Mi colega, el pesimista, desayuna leyendo los
periódicos. Sigue de cerca el
relato minucioso de las peripecias políticas y se divierte inventando fabulosas
soluciones que, me asegura, jamás serán consideradas por nadie en este
país. Pasa las páginas farfullando
quejas y de vez en cuando le da un sorbo a su taza de café.
Con la lectura, su mirada se desplaza a lugares
distantes: Bagdad, Somalia, Moscú.
Suelen aparecer montones de cadáveres anónimos, tétricos datos para los
libros de historia. No sólo se
trata de asesinatos y bombardeos, a veces tiemblan los suelos, se levantan olas
gigantescas, bandadas de pájaros muertos llueven sobre la tierra. El mundo, sostiene con aire doctoral,
es así: convulso y aterrador.
Muerde luego su tostada, se limpia cuidadosamente las migajitas del
hocico y mira por la ventana.
Le maravilla la contrastante calma de su
vecindario: la gente sale al trabajo y sigue su rutina, ajena al hambre remota,
las masacres domésticas y el continuo estallido de las bombas. Al pesimista le sobrecoge percibir esta
unánime indiferencia. La distancia
los protege: ojos que no ven, corazón que no siente.

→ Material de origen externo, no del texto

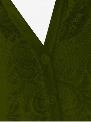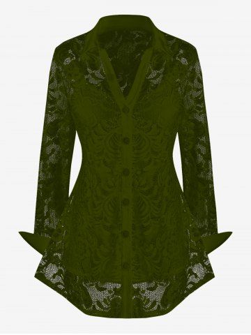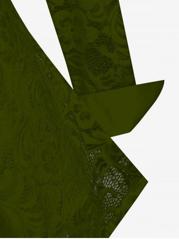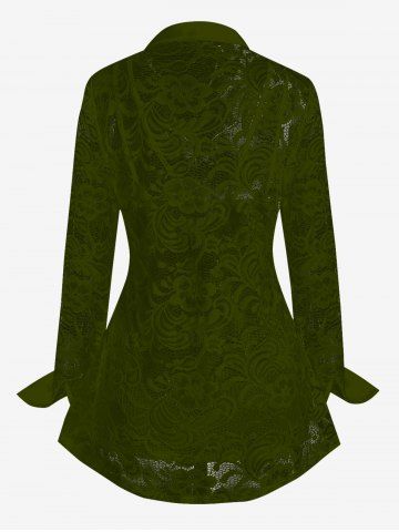 Ensemble chemisier transparent en dentelle fleurie et haut caraco grande taille - Vert Profond - 1x | Us 14-16
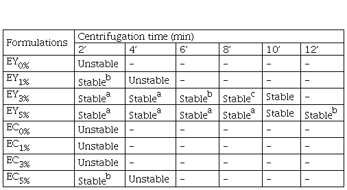 Table 2 shows the results of the stability test of the FFD under centrifugation conditions. Significant differences in the stability of the dispersions were observed depending on the starch source, the starch-based dispersions of yams being more stable than those of cassava, especially at OEO contents of 5%. The stability of dispersions with essential oils depends on Oswald maturation processes where the particle sizes grow and the phases separate Guerra-Rosas, et al. (2020) All the cassava starch-based dispersions presented instability before centrifugation during 2 min, except those containing 5% OEO.

Sin embargo se le ocurre que no están
suficientemente lejos, sabe bien que en cualquier momento puede tocarlos la
desgracia con una de sus alas - o balas.
El pesimista rememora en un instante varias historias truculentas. Sólo ve a su alrededor los estragos de
una callada hecatombe.
Un súbito escalofrío recorre su espalda. Imagina muy cercanos los golpes, las
explosiones, los alaridos. Se
siente terriblemente vulnerable.
La desazón le impide seguir tragando el desayuno. Así, en ese estado lastimoso, el hombre
comienza el día.
Hay quien no debiera leer los periódicos tan de
mañana. Más le vale a mi colega
que hoy tropiece con un ángel, alguien generoso que le muestre que de vez en
cuando la esperanza sopla, breve y leve, sobre el mundo.
Publicado en El nuevo día el 16 de mayo de 2007.